# Yekdast (یکدست) for Rust
[](https://crates.io/crates/yekdast)
[](https://docs.rs/yekdast)
[](https://opensource.org/licenses/MIT)
A fast, configurable, and modern Rust library for **normalizing and preprocessing Persian (Farsi) text**.
`Yekdast` is a powerful tool for cleaning up messy Persian text data, preparing it for subsequent steps like search, analysis, or display in your applications. The name "Yekdast" (یکدست) means "uniform" or "consistent" in Persian.
---
### ## Why Yekdast?
* **🚀 Fast and Efficient:** Written in Rust for the best possible performance.
* **🔧 Fully Configurable:** Provide your own dictionaries for handling compound words, normalizing slang, and defining custom replacement rules.
* **🧠 Smart:** Features intelligent Zero-Width Non-Joiner (ZWNJ) handling for prefixes, suffixes, and custom compound words.
* **🛡️ Safe:** Automatically protects sensitive parts of your text like URLs, emails, code blocks, and HTML tags from being normalized.

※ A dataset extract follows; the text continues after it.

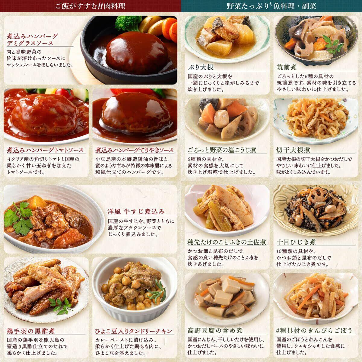 セット内容 : 煮込みハンバーグ デミグラスソース ×1/ 煮込みハンバーグ トマトソース ×1/ 煮込みハンバーグ テリヤキソース ×1/ ビーフシチュー ×1/ チキンクリームシチュー ×1/ コーンポタージュスープ ×1/ パンプキンポタージュスープ ×1/ ぶり大根 ×1/ 鶏手羽の黒酢煮 ×1/ ひよこ豆入りタンドリーチキン ×1/ 洋風牛すじ煮込み ×1/ 筑前煮 ×1/ 高野豆腐の含め煮 ×1/ 4種具材のきんぴらごぼう ×1/ ごろっと野菜の塩こうじ煮 ×1/ 切干大根煮 ×1/ 穂先たけのことふきの土佐煮 ×1/ 十目ひじき煮 ×1/ 国産乾燥野菜 ×1

* **✨ Comprehensive:** A complete suite of features including character, digit, punctuation, and whitespace normalization.
---
### ## Installation
To use `Yekdast` in your project, add the following line to your `Cargo.toml` file:
```toml
[dependencies]
yekdast = "0.1.0" # Please replace with the latest version
```
---
### ## Quick Start
Using the library with its default settings is straightforward.
```rust
use yekdast::{normalize_text, NormalizeOptions};
fn main() {
let messy_text = "سلام, من يك برنامه نويس هستم و در كتاب خانه كار مي كنم.";
// Use the default normalization options
let options = NormalizeOptions::default();
let clean_text = normalize_text(messy_text, &options);
println!("Original: {}", messy_text);
println!("Normalized: {}", clean_text);
// Output: Normalized: سلام، من یک برنامه نویس هستم و در کتابخانه کار میکنم.
}
```
---
### ## Advanced Usage & Options
The real power of `Yekdast` lies in its configurability. You can control every aspect of the normalization process.
```rust
use yekdast::{normalize_text, NormalizeOptions, DigitPolicy};
use std::collections::HashMap;
fn main() {
let text = "من توی خونه شماره 123 کار میکنم و علاقه مند به برنامه نویسی هستم. میباشد.";
// 1. Define a custom slang-to-formal dictionary
let mut slang_map = HashMap::new();
slang_map.insert("توی".to_string(), "در".to_string());
slang_map.insert("خونه".to_string(), "خانه".to_string());
// 2. Define a list of compound words for ZWNJ insertion
let zwnj_words = vec![
"علاقه مند".to_string(),
"کار میکنم".to_string(),
];
// 3. Define custom, high-priority replacement rules
let custom_rules = vec![
("میباشد.".to_string(), "است.".to_string()),
];
// 4. Construct the final options
let options = NormalizeOptions {
digits: DigitPolicy::Fa, // Convert all digits to Persian
slang_map,
zwnj_compound_words: zwnj_words,
custom_rules,
..Default::default()
};
let clean_text = normalize_text(text, &options);
println!("{}", clean_text);
// Output: من در خانه شماره ۱۲۳ کارمیکنم و علاقهمند به برنامه نویسی هستم. است.
}
```
### ## Feature Checklist
- [x] Unify Arabic characters (ي, ك) to Persian (ی, ک)
- [x] Normalize and convert digits (Persian, Arabic, Latin)
- [x] Normalize punctuation (comma, semicolon, question mark)
- [x] Smart ZWNJ insertion for prefixes (`می/نمی`), suffixes (`ها/تر/ترین`), and custom compound words
- [x] Support for custom slang-to-formal dictionaries
- [x] Support for user-defined custom replacement rules
- [x] Squeeze and clean up extra whitespace
- [x] Normalize newline characters
- [x] Remove diacritics and Tatweel (kashida)
- [x] Automatically protect URLs, emails, code, and HTML tags
- [x] Support for Unicode Normalization Forms (NFC, NFKC)
---
### ## Contributing
Contributions are welcome! Please feel free to open an issue to report a bug or suggest a feature, or submit a pull request.
---
### ## License
This project is licensed under the MIT License.